Researchers warn that climate change will only exacerbate the threat of mosquito-borne diseases such as Zika and dengue. Photo courtesy of CDC.

Researchers warn that climate change will only exacerbate the threat of mosquito-borne diseases such as Zika and dengue. Photo courtesy of CDC.

The intersections of climate change and health were on full display at a Monday scientific session on the effects of climate change on arbovirus transmission in the Americas.

The global region has been facing big challenges related to arboviral diseases and, if predictions are correct, North America must prepare for more infections like those seen in the Miami- and Houston-area Zika outbreaks of 2016.

Arbovirus refers to any virus — Zika, chikungunya, dengue and yellow fever — transmitted by arthropod vectors like the Aedes mosquito. Since Zika’s first introduction to the Americas in 2015, it has affected more than half a million people. In February 2016, the World Health Organization declared Zika a Public Health Emergency of International Concern, given the number of microcephaly cases and other neurological disorders reported in Brazil.

As noted in the research of Andrea Vicari of the Pan American Health Organization, the Zika outbreak shifted the focus from the chikungunya virus, first reported in the region in 2013 and responsible for half a million infections in 2016 alone. Additionally, more than two million cases of dengue are reported in the region every year and the re-emergence of yellow fever are also cause for concern in South America. What accounts for these numbers, though? Researchers are turning to climate science for answers.

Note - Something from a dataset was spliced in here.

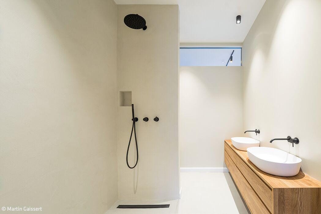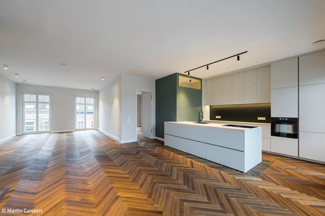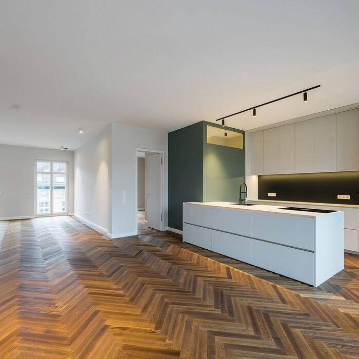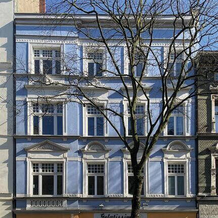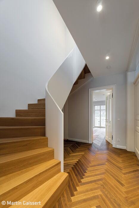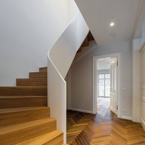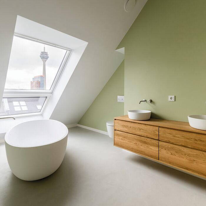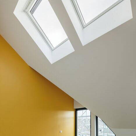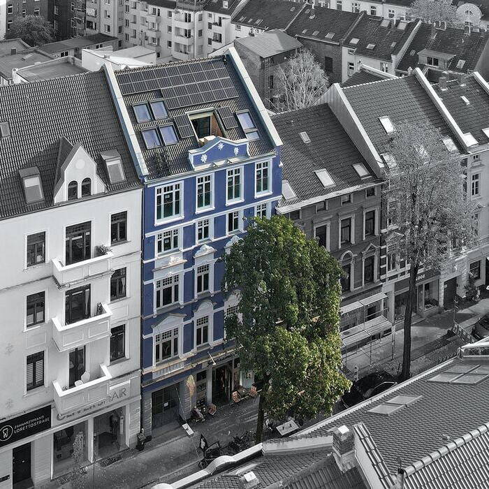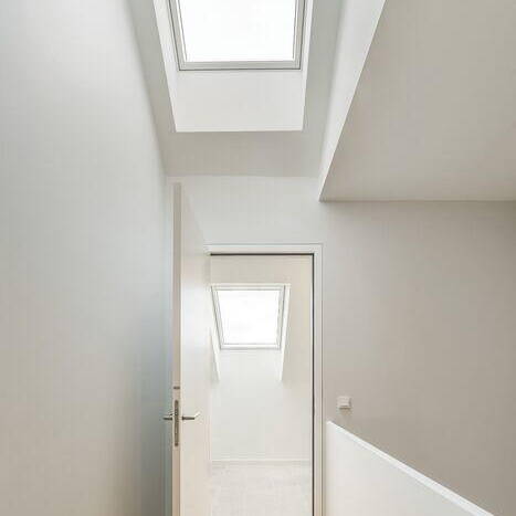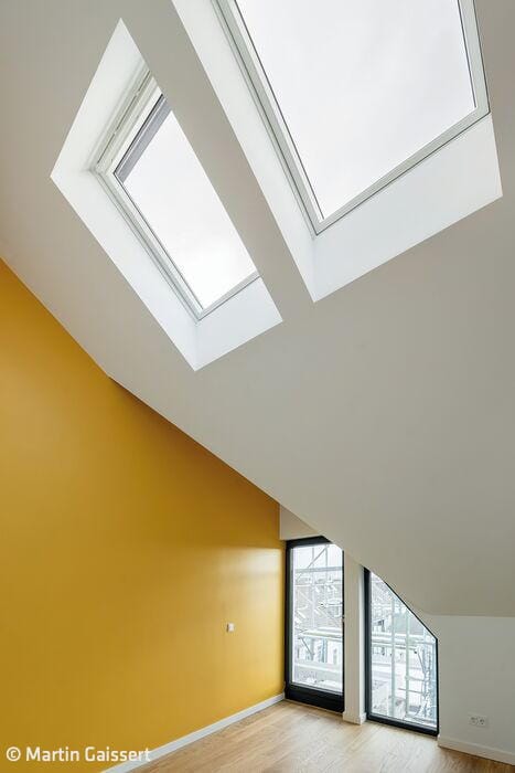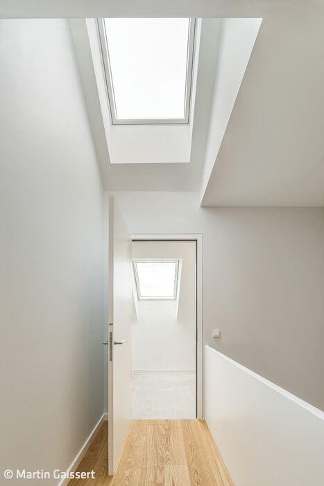 Built in 1897, this well-preserved residential and commercial building sits prominently on Lorettostraße. Originally comprising four full storeys topped with a low knee wall and pitched roof truss, the structure was expanded by adding another floor and installing an elevator to create a new 195 m² residential unit. This required completely removing the top floor slab and roof structure. Respecting the ridge height of adjacent buildings, the architects added a full storey at traditional old-building height, along with a two-level roof truss. The tight inner-city setting and minimal construction space necessitated a resourceful approach using cross-laminated timber (CLT) elements. True to the building's historic preservation mandate, the façade draws its design language from the original—windows, colour palette, and architectural details form a seamless dialogue with the existing structure. Thermal insulation meets KfW 55 efficiency standards, employing high-performance rock wool composite panels. The new residential unit connects via the existing stairwell; an elevator—integrated where a former floor bathroom stood—now serves the penthouse while providing accessibility throughout. The lower level flows seamlessly from street to courtyard, housing an open-plan living, cooking, and dining area with a courtyard-facing balcony, plus the master bedroom and home office. Above, the children's floor accommodates three bedrooms and a generously proportioned family bath with a freestanding tub. Skylights flood these spaces with daylight and sky views. A guest room enjoys a small roof terrace on the street side, framed by a decorative gable and offering views toward the nearby Rhine Tower. The second roof level—reserved entirely for storage and mechanical systems—sits directly beneath the ridge. Beyond expanded living space, this addition excels in energy performance: an air-source heat pump, photovoltaic arrays across both roof surfaces, and controlled mechanical ventilation make it a self-sufficient, sustainable home.

In her Annual Meeting presentation, Madeleine Thomson, senior research scientist at Columbia University’s International Research Institute for Climate and Society, said the recent release of the “Climate Science Special Report” from the U.S. Global Change Research Program makes it clear that the warming over the last century has happened and is human-caused.

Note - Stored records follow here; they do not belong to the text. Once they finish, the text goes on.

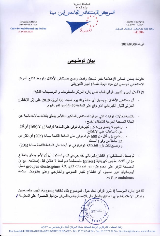 وشددت إدارة المركز الاستشفائي الجامعي ابن سينا على أن مستشفى الأطفال لم يسجل أي انقطاع كهربائي خارجي في اليوم المذكور، بل أن الأمر يتعلق بانقطاع جزئي لثلاث مقابس كهربائية بالمصلحة دام لمدة 7 دقائق قبل إصلاحه، مسجلة أن المصلحة تتوفر على مجموعتين من المولدات الكهربائية تعمل أوتوماتيكيا فور تسجيل أي انقطاع للتيار العمومي والخارجي وعلى بطاريات عاكسة مركزية.
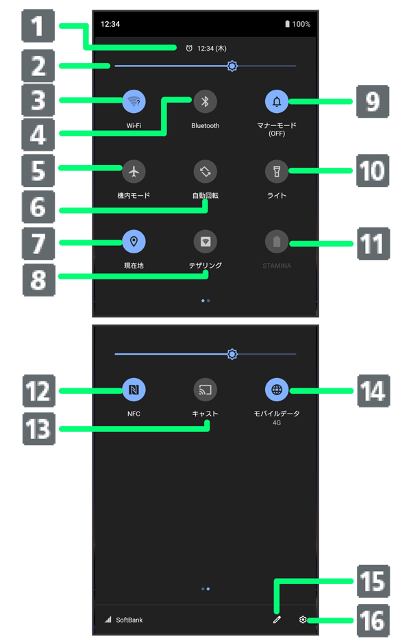 - アラーム設定状況やマナーモード設定状況などの情報を表示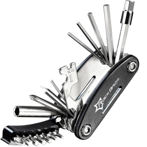 Wielofunkcyjne narzędzie, zestaw kluczy Rockbros GJ8002 Uniwersalne Niezastąpiony towarzysz każdej rowerowej przygody Wielofunkcyjny zestaw narzędzi zrewolucjonizuje Twoje rowerowe wyprawy. Wyposażony w 16 różnych narzędzi, ten kompaktowy multitool pozwoli Ci na szybkie i łatwe naprawy w terenie. Niezależnie od tego, czy musisz dokręcić śrubę, czy wyregulować hamulce, Rockbros GJ8002 ma wszystko, czego potrzebujesz. Przedmiotem sprzedaży jest sam wielofunkcyjny zestaw kluczy, pozostałe akcesoria widoczne na zdjęciach służą jedynie przedstawieniu jego funkcjonalności. Wielofunkcyjność na najwyższym poziomie Z tym zestawem zyskujesz znacznie więcej niż tylko pojedyncze narzędzia. Ten praktyczny multitool oferuje aż 16 różnych funkcji, w tym klucz nasadowy z zestawem 7 nasadek, śrubokręt krzyżakowy, śrubokręt płaski, zestaw 3 kluczy płaskich, oraz 6 kluczy imbusowych. Każde z tych narzędzi zostało starannie wykonane z wytrzymałej stali węglowej, zapewniając długowieczność i niezawodność. Niezawodna jakość Rockbros Multitool wyróżnia się wyjątkową trwałością i odpornością na uszkodzenia. Dzięki starannemu wykonaniu oraz użyciu najlepszych materiałów, ten multitool jest odporny na rdzę i zużycie, co czyni go idealnym wyborem dla każdego rowerzysty. Kompaktowy i przenośny Ten zestaw kluczy jest nie tylko wszechstronny, ale także niezwykle przenośny. Dzięki temu zawsze będziesz przygotowany na wszelkie niespodziewane sytuacje podczas swoich rowerowych wypraw. Kupując wielofunkcyjne narzędzie, inwestujesz w wygodę, niezawodność i trwałość. To idealny towarzysz każdej rowerowej przygody. Specyfikacja: Waga: ok. 222g Wymiary: 4 x 9 cm Materiał: stal węglowa Zestaw zawiera: 7 nasadek (PH2, T30, T27, T25, T20, T15, T10) Śrubokręt krzyżakowy i płaski Zestaw 3 kluczy płaskich (8, 10, 15mm) 6 kluczy imbusowych (1, 2, 3, 4, 5, 10mm)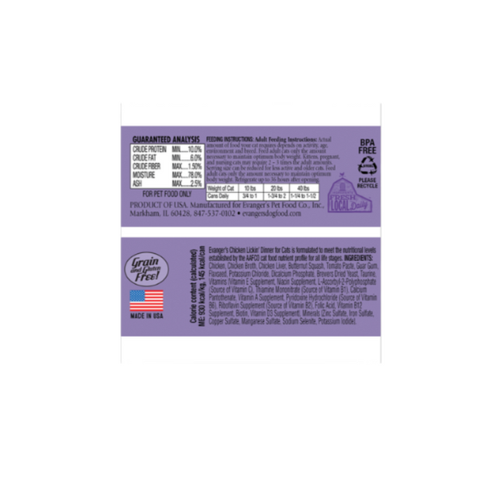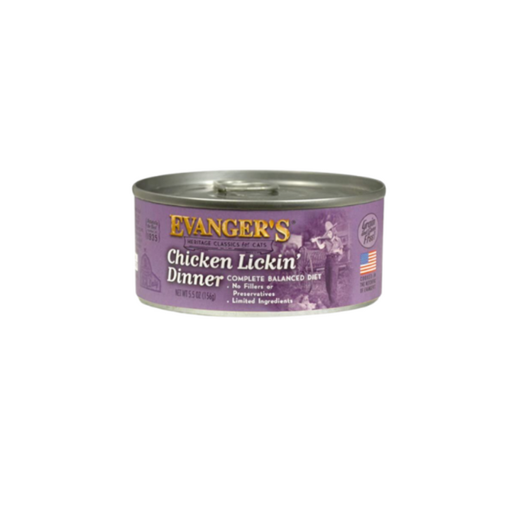 Evanger's Chicken Lickin' Dinner 5.5oz cans is formulated to meet the nutritional levels established by the AAFCO nutrient profiles for all life stages.

“Now, if we can use the data to identify the environmental drivers of vector-borne disease, we can create modeling that predicts an outbreak,” she told attendees.

Temperature and rainfall are important drivers of arboviral disease transmission, affecting mosquito breeding sites as well as vector and virus development rates. Changes in climate are projected to increase global temperatures and the amount of heavy rainfall events in some regions, which can consequently increase the risk from arboviral diseases.

“Public health officials and climate experts must collaborate,” Thomson said. “We need to use climate information to improve the timing and targeting of our interventions, because the geographical distribution and number of cases is growing.”

According to Kristie Ebi, a professor at the University of Washington’s Department of Global Health, dengue is the world’s most important arboviral disease in terms of number of people affected.

“Over the past 50 years, incidence increased 30-fold: there were approximately 390 million infections in 2010,” she told session attendees. “Globalization, trade, travel, demographic trends and warming temperatures are associated with the recent spread of the primary vectors and the virus.”

Ebi noted that new geographic areas are becoming environmentally suitable for the mosquito’s lifecycle and for dengue transmission, with cases detected as far north as Toledo, Detroit and Toronto.

“The Aedes mosquito favors humans and will fly a mile to bite one,” Ebi said. “If anyone thinks we’re being paranoid, we have a right to be. Aedes really is out to get us. And the warmer it is, the shorter the time it takes to start and spread infection. It’s our responsibility to use environmental information to serve the people we’ve pledged to protect.”

One way APHA is offering real-life solutions to public health problems is through its work with the National Environmental Health Partnership Council. The partnership recently published the Environmental Health Playbook, which identifies opportunities for federal, state, local and tribal governments to adopt standard approaches that ensure environmental health equity, protections and access for all — particularly for vulnerable and at-risk populations. This includes protection from vector-borne disease.

Through prevention, response and case examples — such as the U.S. Zika virus outbreak, the Flint water crisis, Superstorm Sandy and Hurricane Katrina — the playbook demonstrates the need for and ways toward an effective, equitable and sustainable environmental health system that brings together all players to, as Ebi said, “serve the people we’ve pledged to protect.”